Product Reviews from a Scientific Perspective

Wednesday, January 12, 2011

Clear Care - Hydrogen Peroxide Lens Cleaner Part I

How does Clear Care work? Does Clear Care work?
Note: By using the information presented in this blog, you agree to the terms described in the post entitled "Mission Statement and Disclaimer." Basically, you can't sue.
Clear Care

The packaging, complete with basic directions.
How does Clear Care work?
Overview: Clear Care, by CIBA Vision, is a new lens cleaner solution. However, unlike most lens cleaner solutions, this uses hydrogen peroxide. The hydrogen peroxide presumably disinfects and removes protein from the lenses better than an enzymatic cleaner. Plus, the bubbling is really cool to watch.
Mechanics: There are really two main things that a lens cleaner does. First: disinfect it. Second: remove proteins.
Disinfecting the lens basically keeps your eye from becoming infected by bacteria or fungus. This is pretty important, and not always guaranteed, considering that Bausch & Lomb’s ReNu with MoistureLoc actually caused fungal infections, leading to a lawsuit from some 600 users.
Removing proteins from the lenses will keep your lenses “fresher” longer. These proteins naturally come from your eyes, and when they build up on your
lenses, will make them feel “thicker,” less flexible, dryer, and can even prevent oxygen from reaching your eye. Protein buildup on a lens is like caking your skin with mud. Your skin will be thicker, less flexible, dryer (because the mud will absorb any natural moisture from your skin), and your skin can’t breathe because its pores are being blocked up.
The way that Clear Care both disinfects and removes proteins is by using hydrogen peroxide. Hydrogen peroxide naturally breaks down into H2O and a single oxygen atom, called a free radical. Free radicals are really reactive, reacting with whatever organic molecule that’s nearby. Of course, by reacting, we mean that it destroys it. Think of a free radical as a spark that can light anything on fire.

This means that the hydrogen peroxide can destroy most, if not all, germs and bacteria and fungi that surround the lenses. Basically, a bacteria or fungus cell has a skin. And like us, if you destroy that skin, you destroy the life of that germ. Its contents spill out, and the insides get destroyed. The only way a germ can cause trouble is by reproducing, because when it makes more of itself, there are more germs, which can release even more waste (just like us, any living organisms “poops”). But when we destroy the skin of a germ, the insides spill out and can’t work together, kind of like if you dismantle the pieces of your computer it’ll stop working.
I wish I could claim that I had my little four year old draw this, but alas, it is indeed my crappy little drawing.
So the hydrogen peroxide does a great job in disinfecting, but what about removing proteins?
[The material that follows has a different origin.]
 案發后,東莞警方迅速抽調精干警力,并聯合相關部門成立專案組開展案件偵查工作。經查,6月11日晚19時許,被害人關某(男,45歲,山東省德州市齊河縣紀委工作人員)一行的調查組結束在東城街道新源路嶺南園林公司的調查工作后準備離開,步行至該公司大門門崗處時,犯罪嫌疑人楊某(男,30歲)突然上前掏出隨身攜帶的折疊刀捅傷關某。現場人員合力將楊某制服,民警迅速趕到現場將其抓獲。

Well, it’s not as great as disinfecting. It turns out that punching holes in the skin of a huge bacteria cell is a lot easier than destroying a much smaller protein molecule. It’s as if you have a bag of popcorn (the cell), compared to a single popcorn (the proteins). Sure, it’s easy to rip a hole somewhere in the bag, but it’s harder to rip apart every single popcorn piece. Especially when those popcorn pieces are stuck into your carpet (the surface of the lens).
Still, the company claims that the “bubbling action removes protein, dirt and build-up.” So basically, as the little bubbles float up, they’ll kind of rub against the surface of the lens, pushing away the proteins.
The metal catalyst just makes the reaction go fast enough. Normally, if you just put your lens in a bottle of hydrogen peroxide solution, there won’t be much bubbling. If you watch the lens case closely, most of the bubbles being produced are from the metal catalyst. The metal catalyst doesn’t cause the hydrogen peroxide to break down into water and oxygen, but it does make it go much faster. A process that could take days or even weeks to finish is done in less than six hours, keeping the cleaning process merely overnight. 

Most Clear Care packages contain two bottles of solution. I'd buy this over the single one simply to save money, and save the environment extra lens cases. Click on the picture to purchase online.
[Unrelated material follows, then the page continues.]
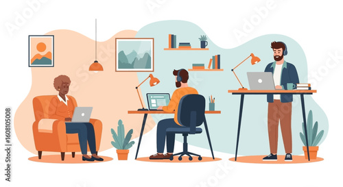 Diverse team working remotely from home offices, perfect for illustrating work-from-home concepts on websites or brochures.

Click on the picture above to purchase directly at K-mart. 
Alternatively, you might be able to find this product here, unlike the local CVS and other chain drug stores. These vendors give pretty huge discounts, and often (but not always) free shipping.
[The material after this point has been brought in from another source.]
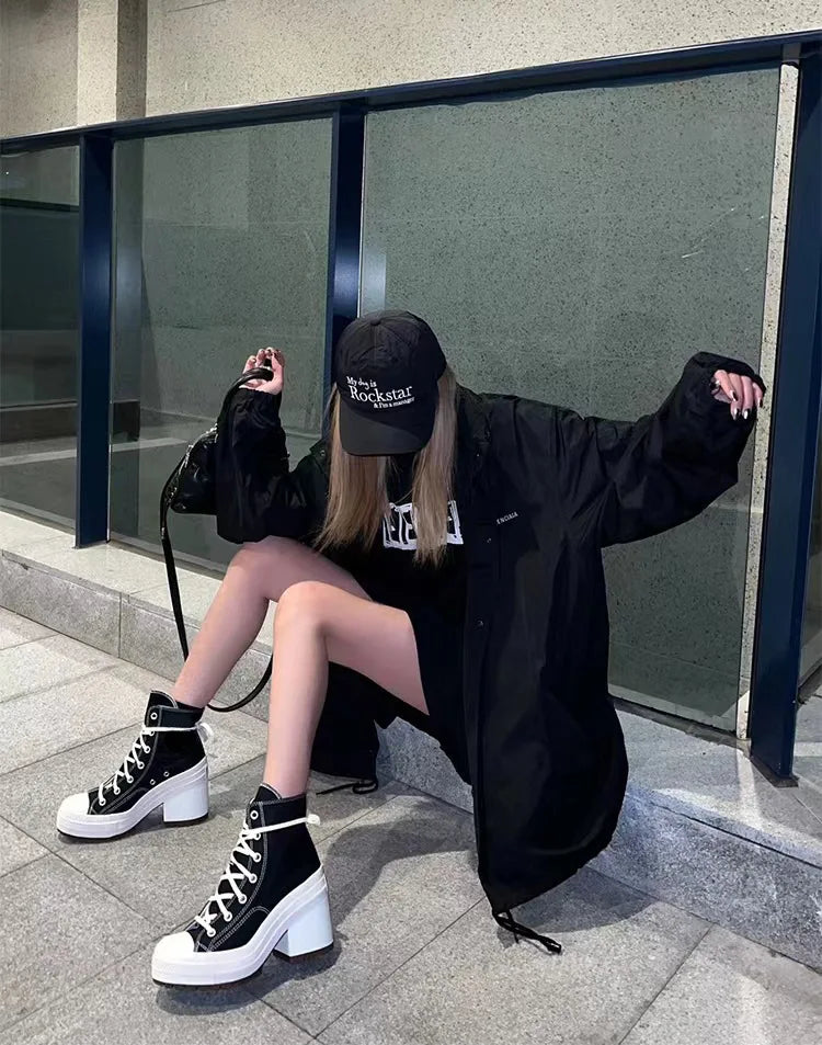 Diese modischen Plateau-Sneaker kombinieren lässiges Design mit extra Komfort und geben Ihrem Outfit sofort einen modernen, selbstbewussten Look. Die Women Platform Sneakers Canvas sind ideal für Frauen, die Wert auf Stil, Stabilität und Alltagstauglichkeit legen. Durch die erhöhte Sohle und die robuste Verarbeitung entsteht ein souveräner Auftritt bei Freizeit, Sport oder Shoppingtouren.

Be sure to check out Part II of this topic


  1. Hydrogen peroxide solutions are the only way to kill Acanthamoeba, which led to the recall of Complete contact lens solution back in 2007.

    Multipurpose solutions simply do not work against Acanthamoeba, probably because the cyst form renders it resistant to many chemicals. Because peroxide solutions work by oxidation, though, it can break down the cysts.